CUDA 12.1 SimpleP2P Verification Errors

System Information:

  • GPU: NVIDIA RTX 4090 x4
  • CUDA Version: 12.1
  • Driver Version: 530.30.02
  • Operating System: CentOS 8 (Kernel: 4.18.0-348.el8.x86_64)
  • Motherboard:
    • Manufacturer: Nettrix
    • Product Name: 60EA32X
    • Version: 24003523
    • Serial Number: 2400352330001979
  • BIOS Settings:
    • Above 4G Decoding: Enabled
    • IOMMU: Enabled
    • NVIDIA-SMI Topology Output
    •   GPU0    GPU1    GPU2    GPU3    CPU Affinity    NUMA Affinity
      
    GPU0 X NODE SYS SYS 0-31 0
    GPU1 NODE X SYS SYS 0-31 0
    GPU2 SYS SYS X NODE 32-63 1
    GPU3 SYS SYS NODE X 32-63 1
    I am running the simpleP2P example from the CUDA Samples to test Peer-to-Peer (P2P) memory access on my multi-GPU system. While the test recognizes P2P support between GPUs, the verification step fails.
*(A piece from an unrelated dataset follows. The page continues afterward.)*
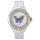 Schmuck, blau, Saphir, funkelnder Schmetterling aus Blume mit blauen, wertvollen Blume mit goldenen Blätter auf weißem Hintergrund.
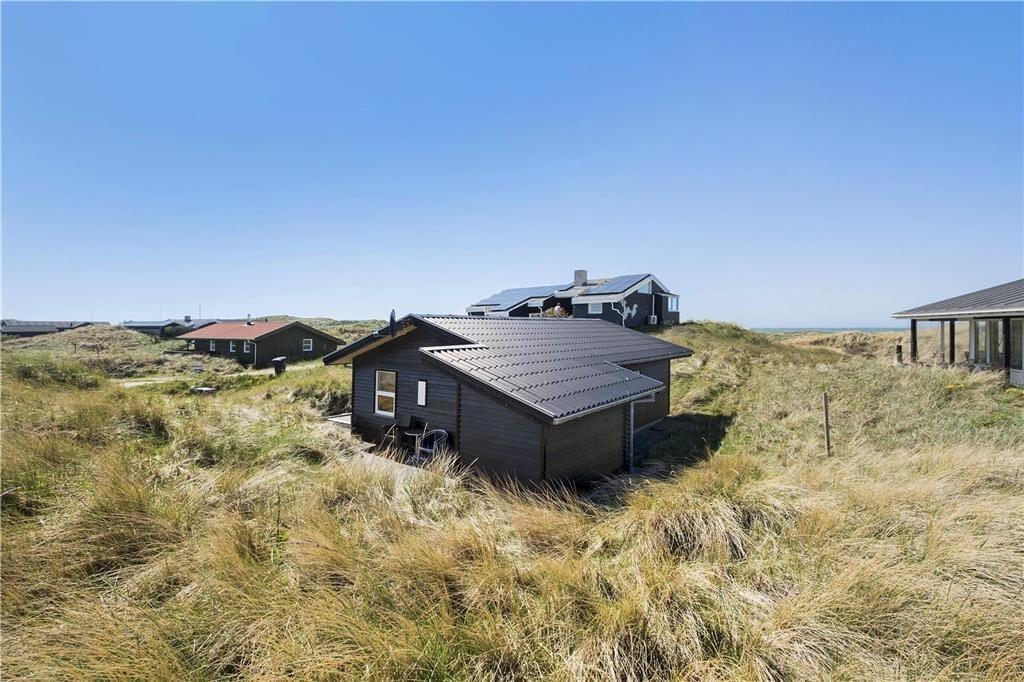 Fra opholdsrummet har man adgang til en ny og flot træterrasse mod syd. Sommerhuset ligger på en klitgrund med Vesterhavet kun få meter væk. Fra terrassen kan man høre bølgernes brusen, mens man sidder i fuldkommen læ. Det er ikke muligt at parkere bilen lige ved huset, men på vendepladsen lige foran.

Below are the details:
  1. P2P connectivity is confirmed via nvidia-smi topo -m.
  2. GPUs in the same NUMA node (e.g., GPU0 and GPU1) are connected via NODE, indicating potential P2P support.
  3. However, when running simpleP2P, I encounter verification errors.
    Error Message:Copy data back to host from GPU0 and verify results…
    Verification error @ element 1: val = 0.000000, ref = 4.000000
    Verification error @ element 2: val = 0.000000, ref = 8.000000
    Verification error @ element 3: val = 0.000000, ref = 12.000000
    Verification error @ element 4: val = 0.000000, ref = 16.000000
    Verification error @ element 5: val = 0.000000, ref = 20.000000
    Verification error @ element 6: val = 0.000000, ref = 24.000000
    Verification error @ element 7: val = 0.000000, ref = 28.000000
    Verification error @ element 8: val = 0.000000, ref = 32.000000
    Verification error @ element 9: val = 0.000000, ref = 36.000000
    Verification error @ element 10: val = 0.000000, ref = 40.000000
    Verification error @ element 11: val = 0.000000, ref = 44.000000
    Verification error @ element 12: val = 0.000000, ref = 48.000000
    Disabling peer access…
    Shutting down…
    Test failed!
  • Verified that P2P is supported between GPUs using nvidia-smi topo -m.
  • Checked IOMMU and Above 4G Decoding in BIOS.
    [root@node4 simpleP2P]# dmesg | grep -i iommu
    [ 0.001137] DMAR-IR: IOAPIC id 8 under DRHD base 0x967fc000 IOMMU 19
    [ 1.690072] iommu: Default domain type: Passthrough
    Questions:
  1. Are there additional system or BIOS settings required to ensure proper P2P functionality for RTX 4090 GPUs?
  2. Does the simpleP2P example need specific modifications for the Ada Lovelace architecture?
  3. What further steps can I take to debug and resolve this issue?

I recently notice that Peer to Peer is not supported on 4090. Thanks.

In the official driver. There is a version of Nvidia’s open driver here, which adds P2P.